A constant-product market maker (CPMM) holds two reserves x and y and enforces:
x · y ≥ k       (after every trade)
where k is the product of the reserves before the trade. For a fee-free market, x · y = k exactly. With fees, k strictly grows (the LP share of the fee is retained in the reserves). The invariant is deliberately geometric: it guarantees that no matter how small one reserve becomes, the other grows unboundedly to match — i.e. the pool can never be drained to zero on either side.

Pricing

Spot price

The marginal price of y denominated in x at any instant is the tangent of the curve:
p = y / x
(derivation: implicit differentiation of x · y = k gives dy/dx = −y/x; ignoring the sign, |dy/dx| = y/x). This is the price that the pool quotes for an infinitesimally small trade. For any finite trade, the realized price is worse due to slippage along the curve.
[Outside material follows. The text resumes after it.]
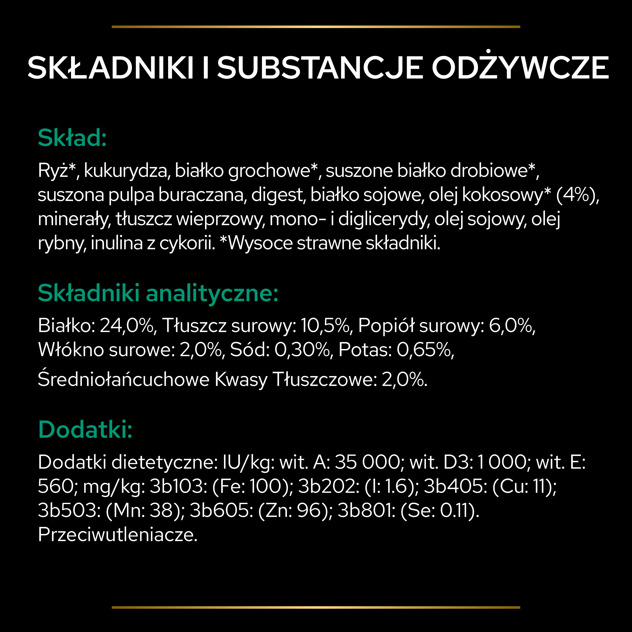 Źródło średnio łańcuchowych kwasów tłuszczowych (20-26% tłuszczu w suchej karmie, 14-19% tłuszczu w mokrej karmie) – Zapewnia wysoce przyswajalne źródło energii.
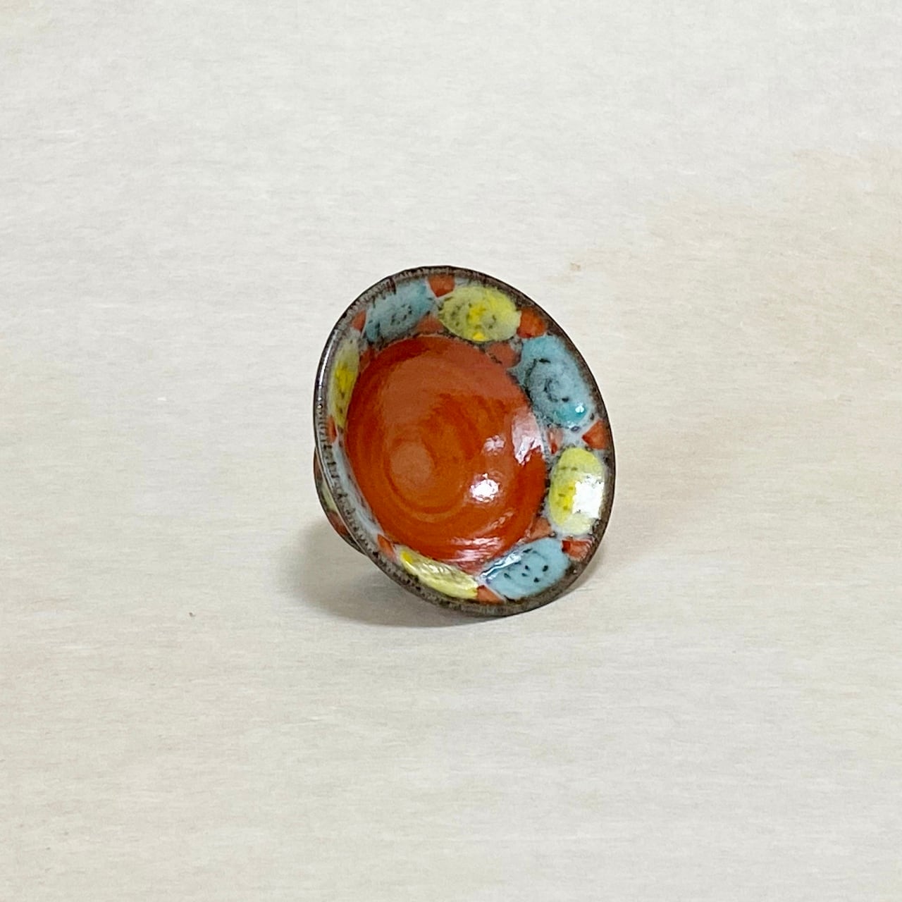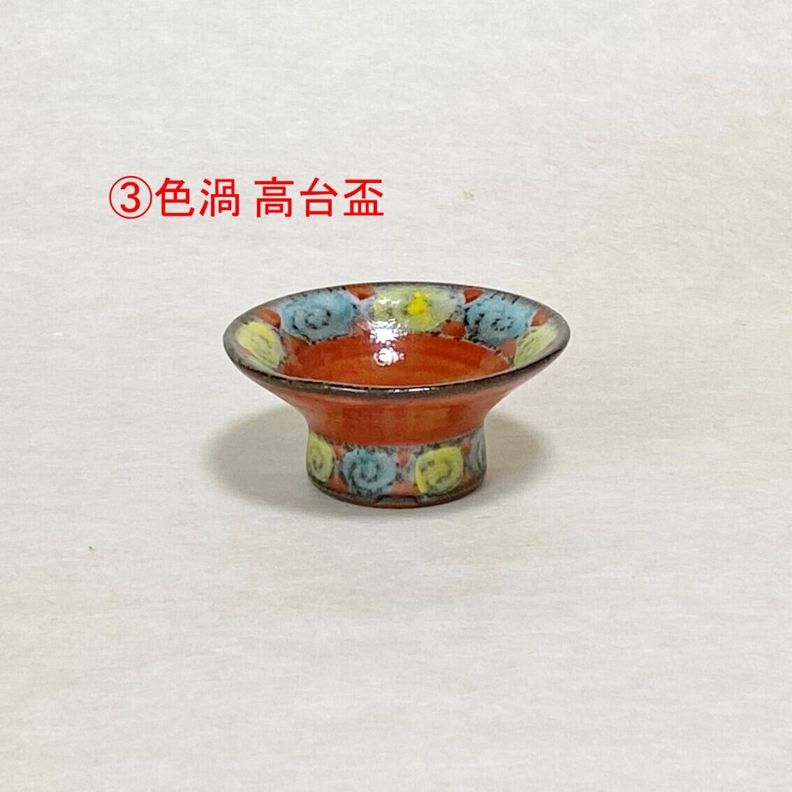 <③赤絵色渦梅鉢紋 高台盃:直径約8.5cm×高さ約4cm>

Exact-input swap (give Δx, receive Δy)

With fees, let f be the fee rate (e.g. f = 0.0025 for 25 bps). Apply the fee to the input, then use the invariant to solve for the output:
Δx_after_fee = Δx · (1 − f)
Δy           = y · Δx_after_fee / (x + Δx_after_fee)
Post-trade reserves:
x' = x + Δx
y' = y − Δy
The full Δx enters the reserves. The LP portion of the fee stays in x'; the protocol portion is excluded from the curve via a separate accounting step (see Fee accounting variants below).

Exact-output swap (receive Δy, pay the minimal Δx)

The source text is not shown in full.